→ EXERCISE OBJECTIVE
Below are the records; repeat exactly their lines between the line holding "调查显示,在年内有游园意愿的" and the line holding "zásuvka, 3m kabel", inclusive, skipping the pictures.

--- --- ---

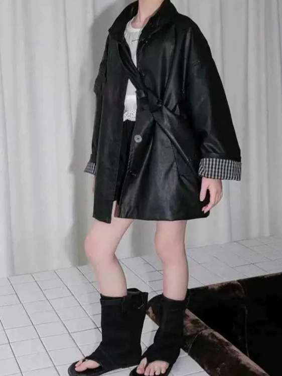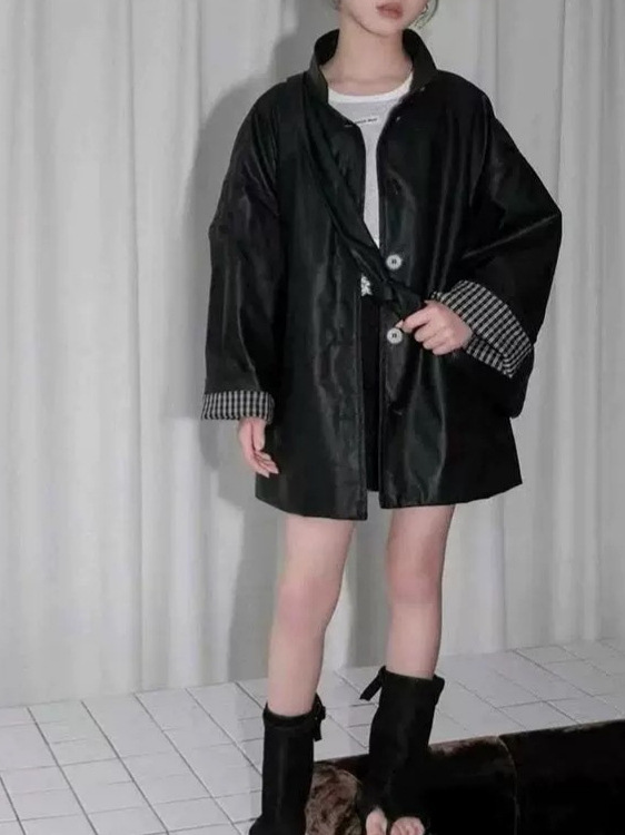 소녀 가죽 코트 봄과 가을 2025 새로운 대형 어린이 격자 무늬 PU 재킷 Stylik 중간 길이 탑스토어 가기
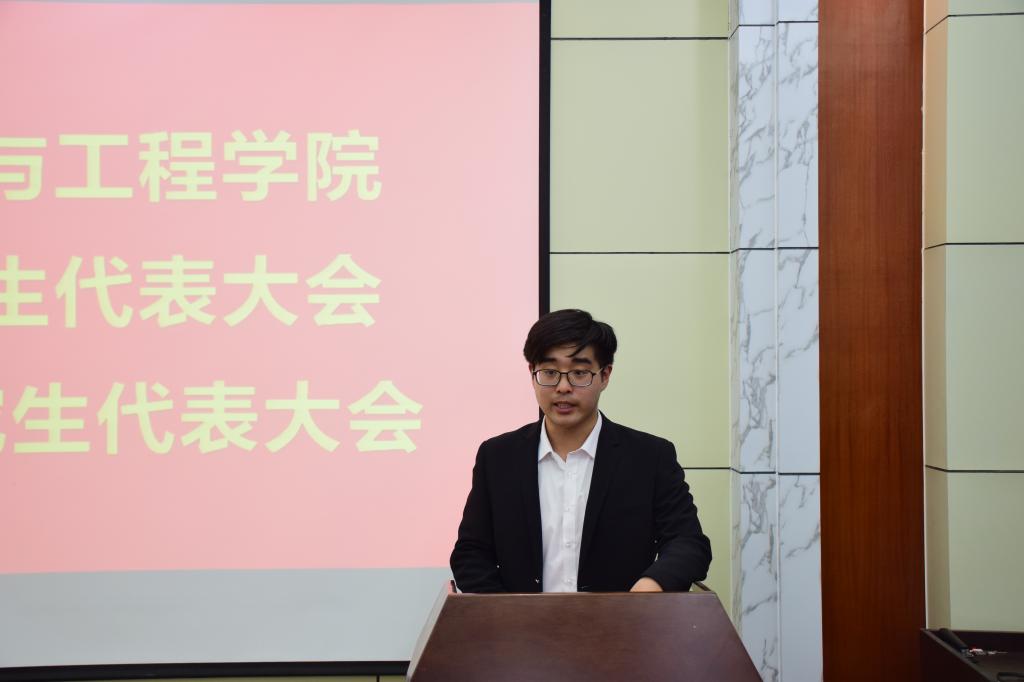 上午9:00,大会在庄严的国歌中拉开序幕。开幕式上,李建楠代表学院党委向大会的召开表示热烈的祝贺,对院学生会、研究生会的工作表示充分肯定。他对广大青年学生提出三点希望:一是希望广大青年学习新思想,践行新使命,练就新本领;二是希望各级学生组织激励新担当,接力新征程,实现新发展;三是希望广大代表发挥新作用,传递新活力,焕发新光彩。
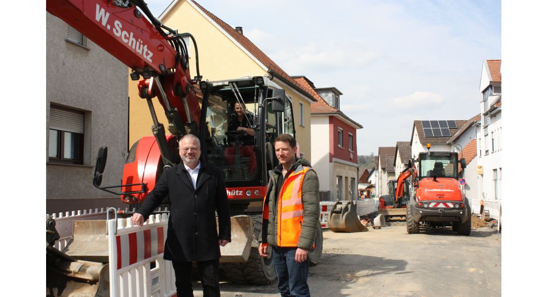 Bürgermeister Dirk Antkowiak und Tobias Schmidt, Leiter des Tiefbauamts, haben sich über die ersten Baufortschritte in der Friedberger Straße in Ockstadt informiert. Zur Erinnerung: Unter anderem wird die Fahrbahn einheitlich breit ausgebaut, die Gehwege werden verbreitert und vier Bushaltestellen barrierefrei umgebaut. Das Projekt ist – nach Mühlweg und dem anstehenden Baubeginn Im Wingert – ein weiterer wichtiger Schritt aus dem Sanierungsstau im Straßenbau der vergangenen Jahrzehnte, stellt Antkowiak heraus.
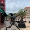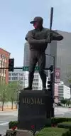My wife and I haggled tickets to a Cardinals/Braves playoff game at Busch Stadium. As native Chicagoans, we must admit that that atmosphere for a major league baseball game in St. Louis is more electric than at Wrigley Field in Chicago, like an SEC football game in Tuscaloosa or Athens or Baton Rouge or Knoxville. In 1967 and 1968, I attended baseball and football games at old Busch Memorial Stadium, a multi-purpose facility that hosted the Cardinals from 1966 to 2005. The latest Busch Stadium opened on April 4, 2006 with a Ballpark Village adjacent to the 45,500-seat, $365 million stadium. Located at 700 Clark Avenue in downtown St. Louis, it offers a panoramic view of the city's skyline and the Gateway Arch. The Gate 3 entrance on the west side is most iconic with a large bridge resembling the historic Eads Bridge circling over the entrance and overlooking the bronze statue of Cardinal legend Stan "The Man" Musial. Other St. Louis baseball statues previously surrounded Busch Memorial Stadium are now displayed at the corner of Clark and 8th Street, outside the Cardinals' team store--Hall of Famers Rogers Hornsby, Dizzy Dean, Enos Slaughter, Red Schoendienst, Lou Brock, Bob Gibson, Ozzie Smith, George Sisler, Cool Papa Bell and Jack Buck. St. Louis, which no longer hosts a professional football team or a professional basketball team, is truly a baseball kind of town, perhaps the most passionate of all.
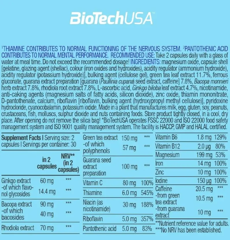 В суточной дозе (2 капсулы): Витамины и минеральные вещества: 80 мг витамина С; 6 мг тиамина (витамина В1); 30 мг ниацина ; 5 мг рибофлавина (витамина В2) ; 5 мг пантотеновой кислоты ; 1,8 мг витамина B6 ; 2 мкг витамина B12 ; 199 мг магния ; 14 мг железа ; 10 мг цинка ; 150 мкг йода ; Действующие вещества растительного происхождения : 60 мг экстракта гинкго билоба (в том числе флавонол-гликозидов: 14,4 мг) ; 90 мг экстракта бакопы монье (включая бакозиды: 40 мг) ; 70 мг экстракта родиолы розовой ; 150 мг экстракта зелёного чая (в том числе полифенолов: 57 мг, в том числе кофеин: 10,5 мг) ; 100 мг препарата из экстракта семян гуараны (в том числе кофеин: 10 мг) ; 20,5 мг кофеина (10,5 мг из экстракта зелёного чая и 10 мг из экстракта гуараны)
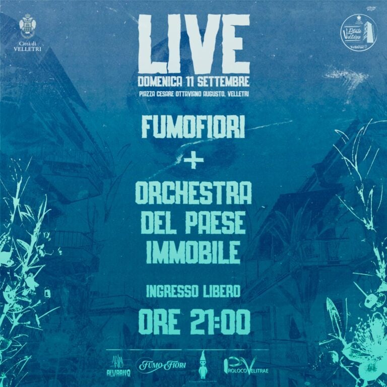 Una grande serata musicale quella prevista in Piazza Cesare Ottaviano Augusto, a Velletri, domenica 11 settembre. Un evento live che richiamerà centinaia di persone visto che sul palco della storica e monumentale piazza veliterna saliranno Fumofiori e Orchestra del Paese Immobile per uno spettacolo attesissimo fra tradizione, cultura e innovazione.
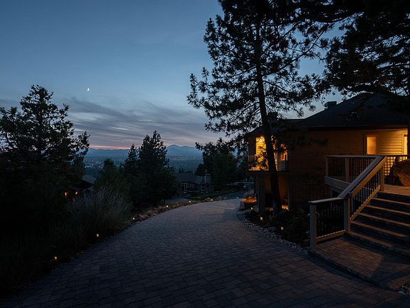 Perched high on Awbrey Butte, this primarily single level home provides stunning views of the Cascade Mountains from almost every room! Light and bright with vaulted ceilings and ample windows. Gourmet kitchen features granite counters, custom cabinets, huge walk-in pantry, Dacor and Subzero appliances, prep sink and built in wine cabinet. Entertainer's delight with its open floor plan and exterior decks/patios. Master suite provides views of Mt. Bachelor, gas fireplace, large tiled shower and jetted tub. The 780 sq ft upstairs addition features open beamed vaulted ceilings, built in cabinets and storage benches, hardwood floors, a full bath and cedar closet. Perfect for a home office or guest suite! Improvements in 2019 include a heated paver driveway and epoxy garage flooring. The exterior accessed basement provides a ton of extra storage and is easily accessible off the driveway. Double lot provides privacy and/or potential to build an ADU. Spectacular home!
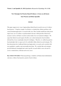 New Strategies for Research in Clinical Practice: A focus on self–harm.
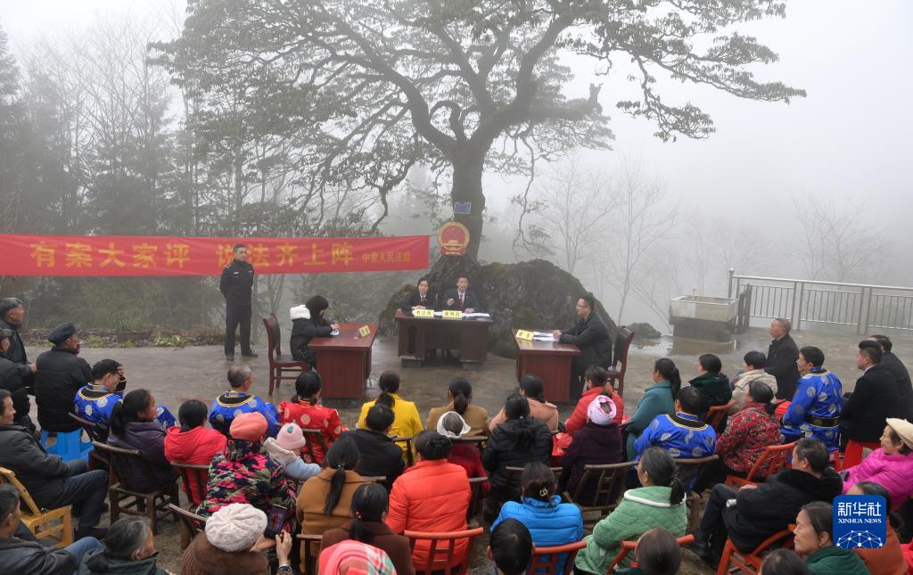 2月28日,法庭工作人員在鶴峰縣中營鎮(zhèn)三家臺村開展模擬庭審。近年來,湖北省鶴峰縣人民法院積極推行巡回送法進(jìn)鄉(xiāng)村活動,通過現(xiàn)場宣講、模擬庭審、法律咨詢等方式,普及法律知識,化解基層糾紛矛盾,助力鄉(xiāng)村振興。
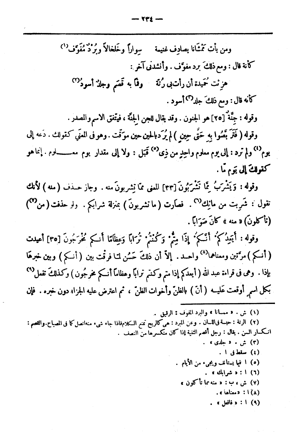 وقوله: وَيَشْرَبُ مِمَّا تَشْرَبُونَ [33] المعنى مما تشربون منه. وجاز حذف (منه) لأنك تَقُولُ: شربت من مائك «6» . فصارت (ما تشربون) بمنزلة شرابكم. ولو حذفت (من «7» ) (تأكلون) «منه» كَانَ صوابًا.
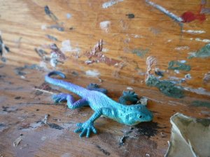 A mysterious person of ill repute left a lizard on the edge of my easel.
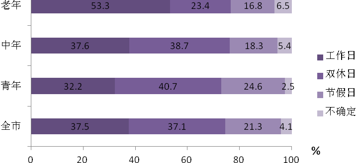 调查显示,在年内有游园意愿的受访市民中,53.3%的老年受访市民选择在工作日游园,比中年受访市民和青年受访市民的比例分别高出15.7个百分点和21.1个百分点(见图6)。
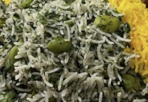 ۳۰۰ گرم برنج ایرانی هاشمى +۵۰ گرم باقالی + شوید و ادویه
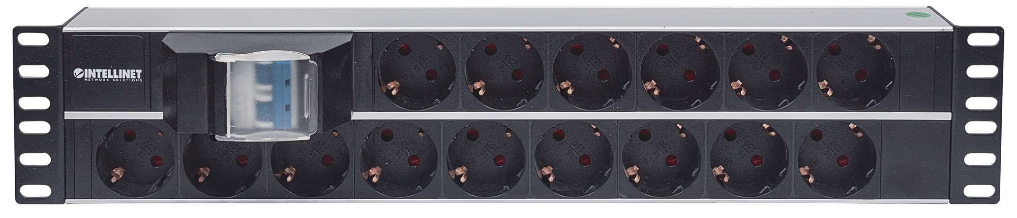 Popis Intellinet 19" 2U Rackmount 15-Way Power Strip - German Type, rozvodný panel, 15x DE zásuvka, 3m kabel
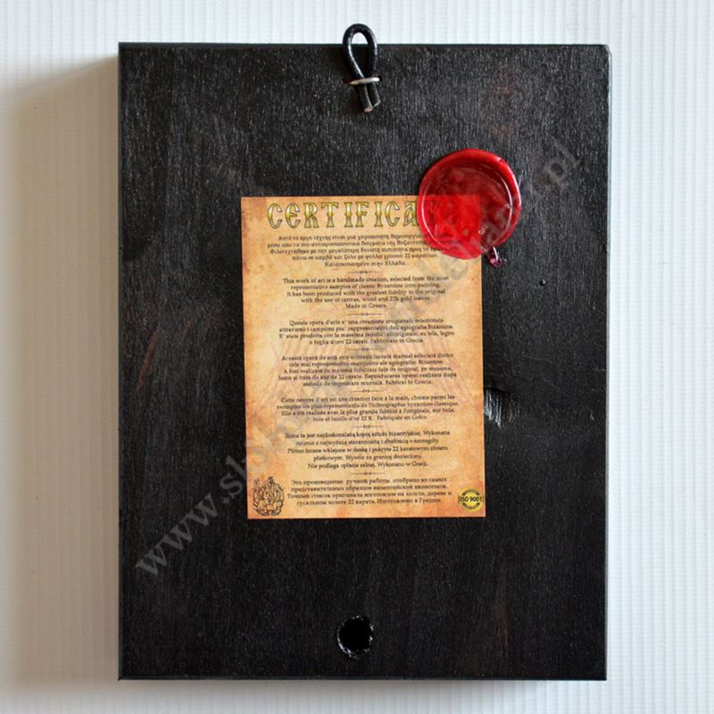 Ikona Świętego Antoniego w wymiarze 14 x 18 cm. Ikona ręcznie wykonana na płótnie lnianym wklejonym w drewno. Tło ikony jest wykonane ze sproszkowanego złota. Grubość deski 2.3 cm. Ikona do powieszenia jak i postawienia.
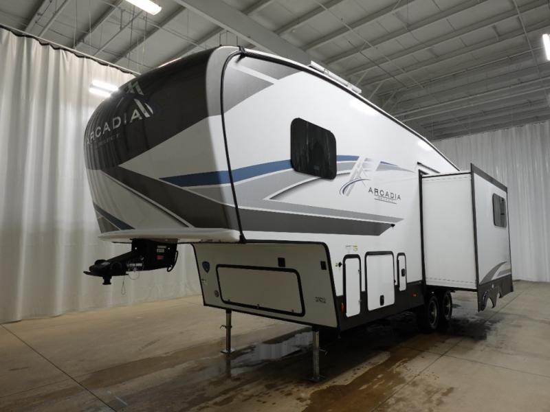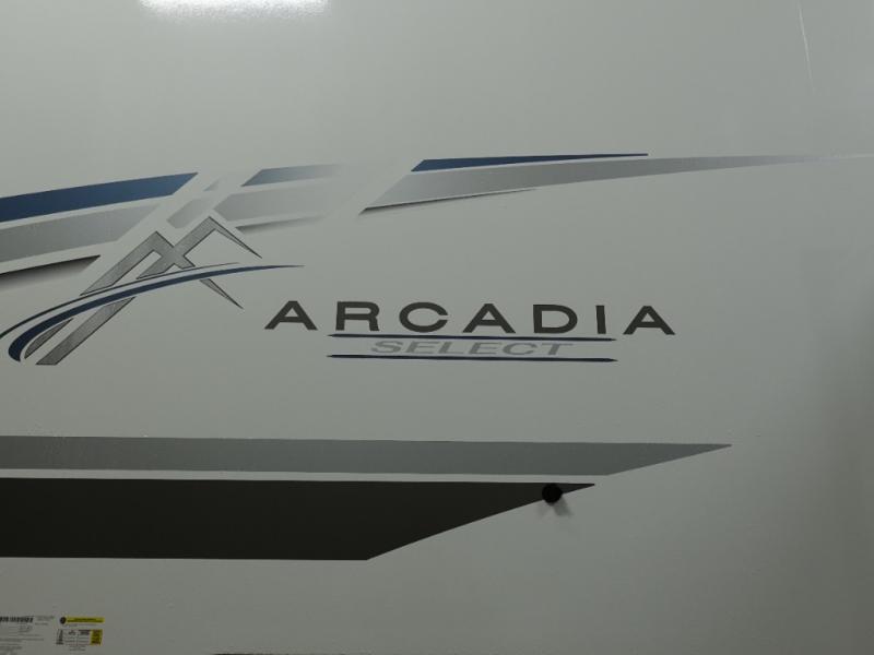 With any Arcadia Select fifth wheel by Keystone you will enjoy easy towability and at-home comforts at an affordable price! The laminated sidewalls with five sided aluminum superstructure will provide a strong foundation so you can enjoy your RV for years to come, plus a one-piece, heated and enclosed polypropylene underbelly means you can camp year around! And an upgraded Roto-Flex hitch pin with will make it easy to tow. Head inside to find tall slides for added space, seamless, pressed countertops, convenient underbed storage, and a large shower with a retractable door and skylight. These fifth wheels also include a Blade Pure A/C system, Girard on-demand tankless water heater, two 30 lb. LP tanks, and more utilities to make your camping experience run smoothly.
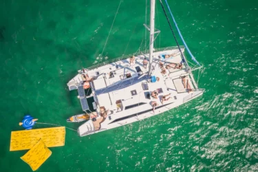 Ocean Life is packed with features to keep everyone entertained. For those who love to dance, a dedicated dance floor and state-of-the-art stereo system ensure the music flows all day long. There’s also plenty of space to relax, with beanbags for lounging and sunroofs that open to let in the breeze. If you’re after a little more adventure, hop onto the trampoline, or take one of the three paddleboards for a spin on the water. The catamaran is also equipped with a BBQ, fridges, and eskies, so you can enjoy a meal or drinks while soaking in the views.
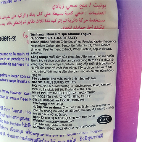 - Muối sữa Abonne Yogurt túi 350g có thành phần chính là muối và sữa ngoài ra còn nhiều chất khác để cung cấp cho da nhiều dưỡng chất nhất.
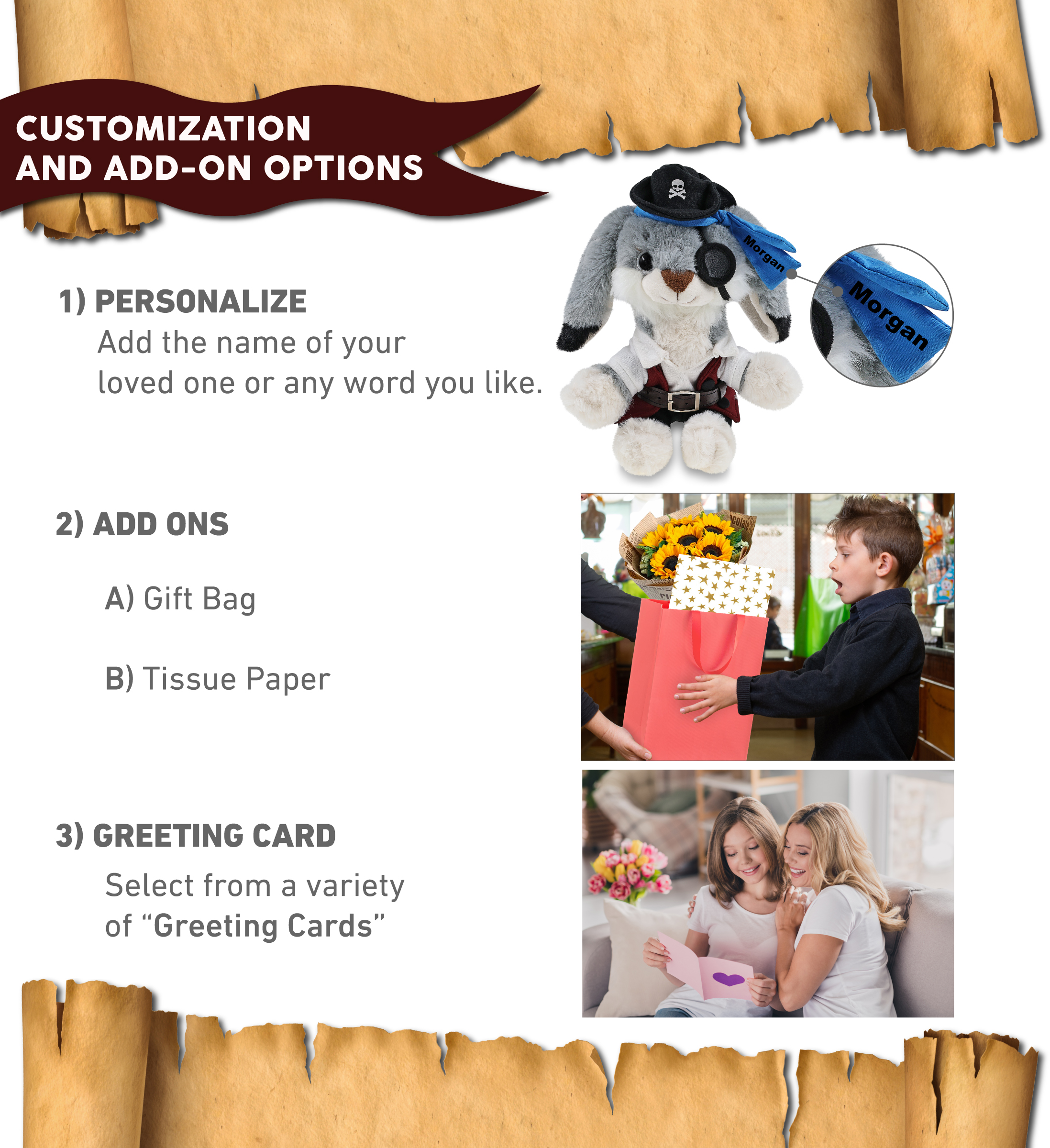 - Personalization, Customization, and Add-On Options – The rabbit figure stuffed toy comes dressed in full pirate clothes, complete with pirate hat, pirate vest, pirate shirt, pants, belt, and pirate mask. Make your bear doll special by adding a personalized name, which we will imprint onto the plush. You can also customize your stuffed animal by adding any of our add-ons to create the perfect gift: 1) Gift Bag 2) Tissue Paper 3) Greeting Card.
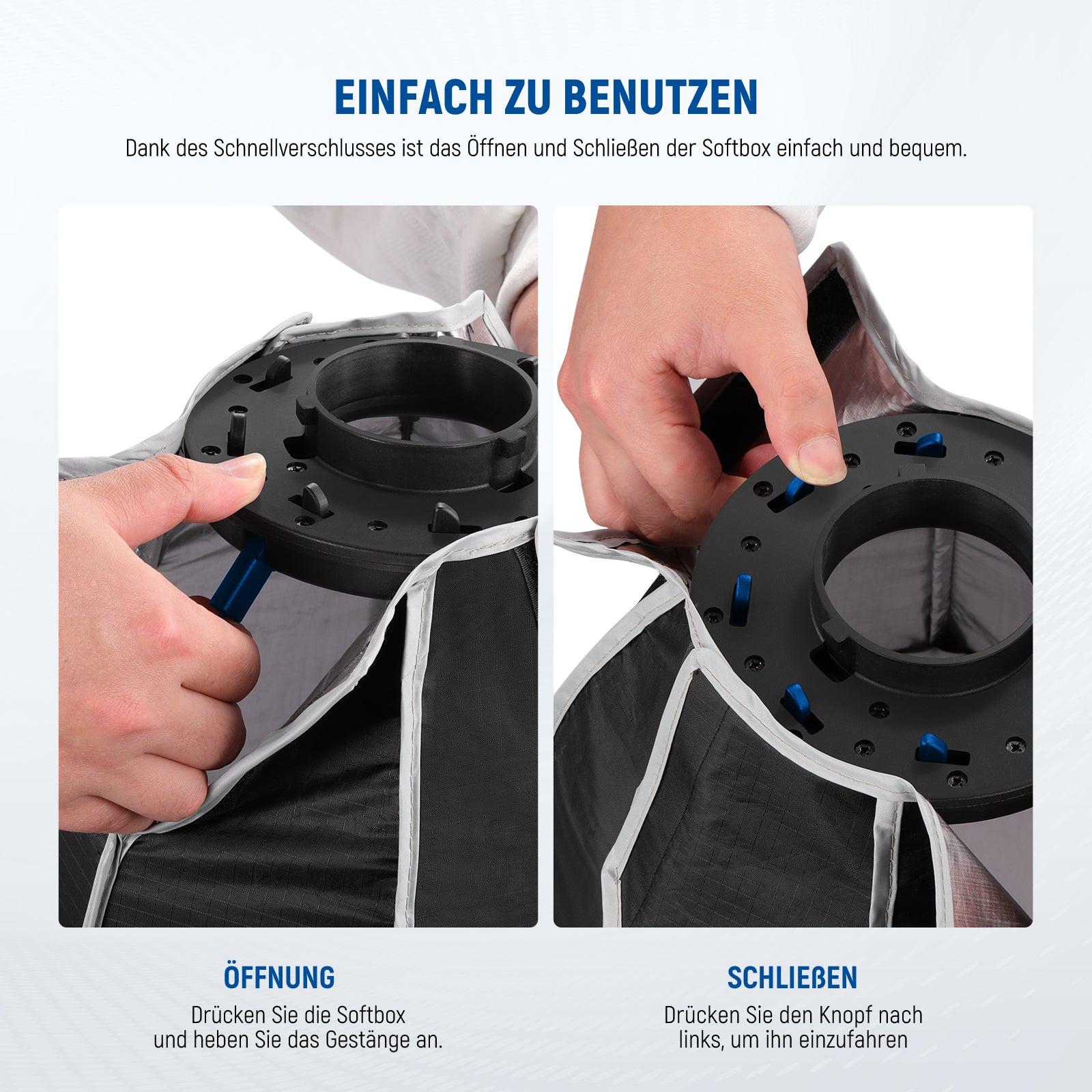 - 【Schnelles Lösen und Zusammenklappen】 Heben Sie die Rippen an und rasten Sie sie ein, um sie schnell einzurichten. Drücken Sie dann die Schnellverriegelungstasten, um sie in nur wenigen Sekunden zusammenzuklappen. Erleben Sie eine nahtlose Lichtsteuerung mit Ihren Fingerspitzen und sparen Sie Zeit und Mühe. Es ist eine bequemere und effizientere Alternative zu herkömmlichen Versionen

--- --- ---

→ SOLUTION
 调查显示,在年内有游园意愿的受访市民中,53.3%的老年受访市民选择在工作日游园,比中年受访市民和青年受访市民的比例分别高出15.7个百分点和21.1个百分点(见图6)。
 ۳۰۰ گرم برنج ایرانی هاشمى +۵۰ گرم باقالی + شوید و ادویه
 Popis Intellinet 19" 2U Rackmount 15-Way Power Strip - German Type, rozvodný panel, 15x DE zásuvka, 3m kabel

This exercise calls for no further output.